Tsat (Transferrin saturation:トランスフェリン飽和度) は、血清鉄と、トランスフェリンほか血中の鉄輸送タンパクの比です。どのくらい鉄輸送タンパクの結合部位が飽和しているかの指標であり、鉄欠乏状態では(血清鉄は低下し、鉄輸送タンパクは増加するので)低下します。
Tsat =(血清鉄 ÷ TIBC)× 100
で計算されます。
Tsat の解釈におけるピットフォールとは?
Tsatは比率なので、分子(血清鉄)と分母(TIBC – 鉄輸送タンパク)の変動に影響を受けます。鉄欠乏状態であるのにTsatが偽陰性で上昇するパターンとしては、血清鉄の上昇、TIBCの低下があります。
Tsat(トランスフェリン飽和度)が正確に鉄欠乏を反映しない状態
- 血清鉄の上昇
- 鉄剤摂取、輸血投与
- 溶血
- TIBCの低下
- 炎症(アルブミンと同じくacute phase reactantであり炎症で低下する)
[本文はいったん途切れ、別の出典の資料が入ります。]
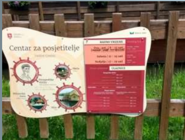
Parts of The Mura Ecomuseum

(Funded from the operational plan IPA SI – HR 2007-2013)

炎症性疾患がある際は、フェリチンもTsatも信頼性は低くなります。鉄欠乏を正確に診断するのは非常に難しいのですが、現実的には鉄補充に反応するかどうかが臨床的に大切になります。
頻度が高くかつ頻繁に見逃されているだろうことを懸念して、慢性心不全・慢性腎臓病・炎症性腸疾患だけを対象に、国際的なエキスパート・オピニオンが2017年に出されています:
- 慢性心不全・慢性腎臓病・炎症性腸疾患においては、血清フェリチン <100 or TSAT <20% をカットオフ値とすることを提唱したい (Am J Hematol. 2017;92:1068–1078.)
カットオフ値を下回った症例では、鉄補充・その後のリアセスメントというアクションに結びつくことになります。